LINQ to remove duplicate rows from a datatable bas

2020-07-27 04:52发布

问题:

I have seen the following solution used for removing duplicate rows in a DataTable using LINQ:

Say if we have a DataTable with duplicate rows called dt, then the following statemend apparently does the job:

IEnumerable<DataRow> uniqueContacts = dt.AsEnumerable().Distinct(DataRowComparer.Default);

But this is only removing duplicate rows that are identical. What I want to do is to remove all the rows that have duplicate values of a specific row.

E.g.

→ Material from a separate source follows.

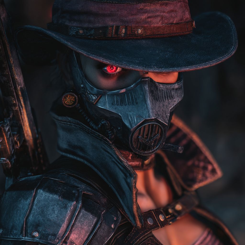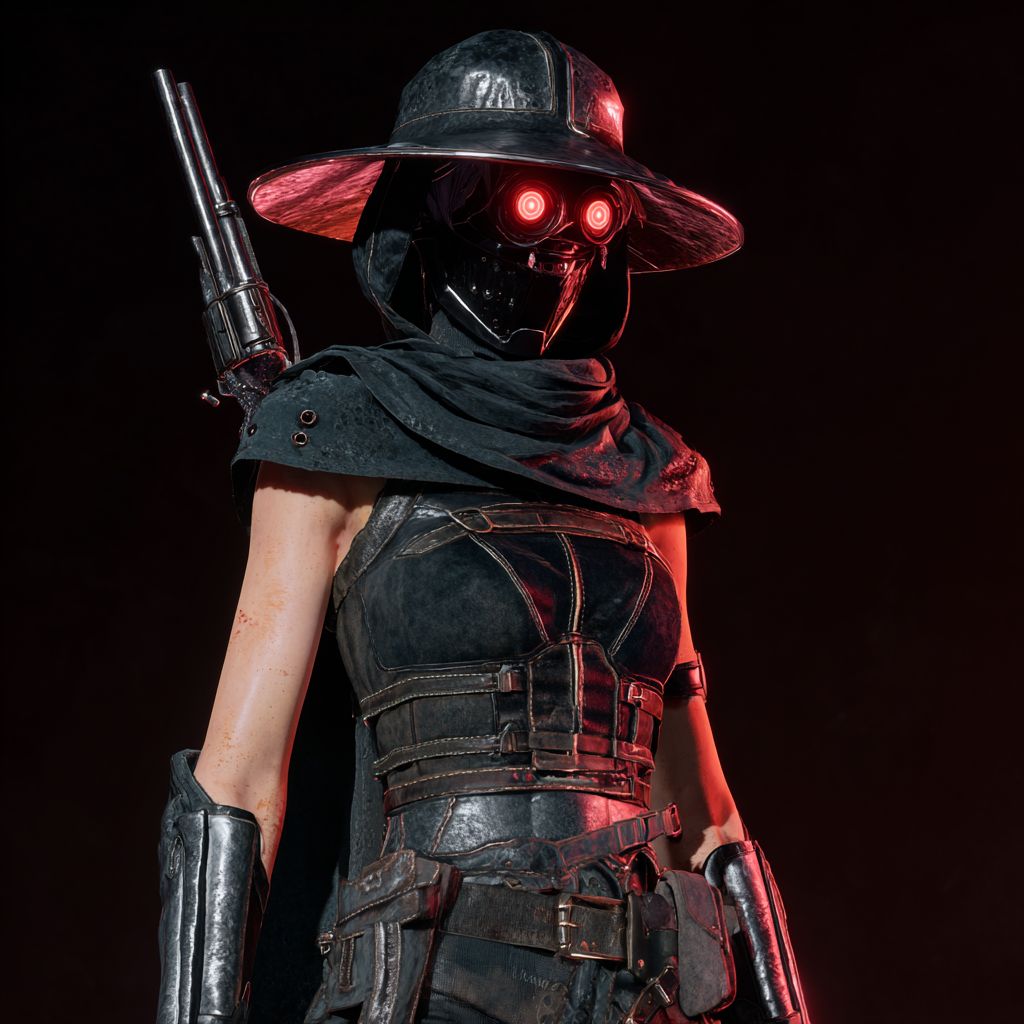 Eine weibliche Gunslinger, die eine schwarze Steampunk-Rüstung trägt und in der Dunkelheit der Nacht in der Einöde mit scharf leuchtenden roten Augen steht, in einem Vollgesichtsschutz und einem Ganzkörperdesign, im Stil eines Videospielporträts.

If we have a datatable with a row called "Email", how can we remove all the rows that have the same email value?

回答1:

simple way: use GroupBy:

var uniqueContacts = dt.AsEnumerable()
                       .GroupBy(x=>x.Field<string>("Email"))
                       .Select(g=>g.First());

you can also try use Distinct:

    DataTable dt = new DataTable();  
    dt.Columns.Add("ID");  
    dt.Columns.Add("FirstName");  
    dt.Columns.Add("Email");  
    dt.Rows.Add(1,"Tim","tim@mail.com");
    dt.Rows.Add(2,"Tim1","tim@mail.com");
    dt.Rows.Add(3,"Tim2","tim2@mail.com");
    dt.Rows.Add(4,"Tim3","tim3@mail.com");

    dt.AsEnumerable().Distinct(new DataRowComparer()).Dump();

Custom row comparer:

 public class DataRowComparer : IEqualityComparer<DataRow>  
    {  
        public bool Equals(DataRow t1, DataRow t2)  
        {  
            return (t1.Field<string>("Email")==t2.Field<string>("Email"));  
        }  
        public int GetHashCode(DataRow t)  
        {  
            return t.ToString().GetHashCode();  
        }  
    }

http://msdn.microsoft.com/en-us/library/bb338049.aspx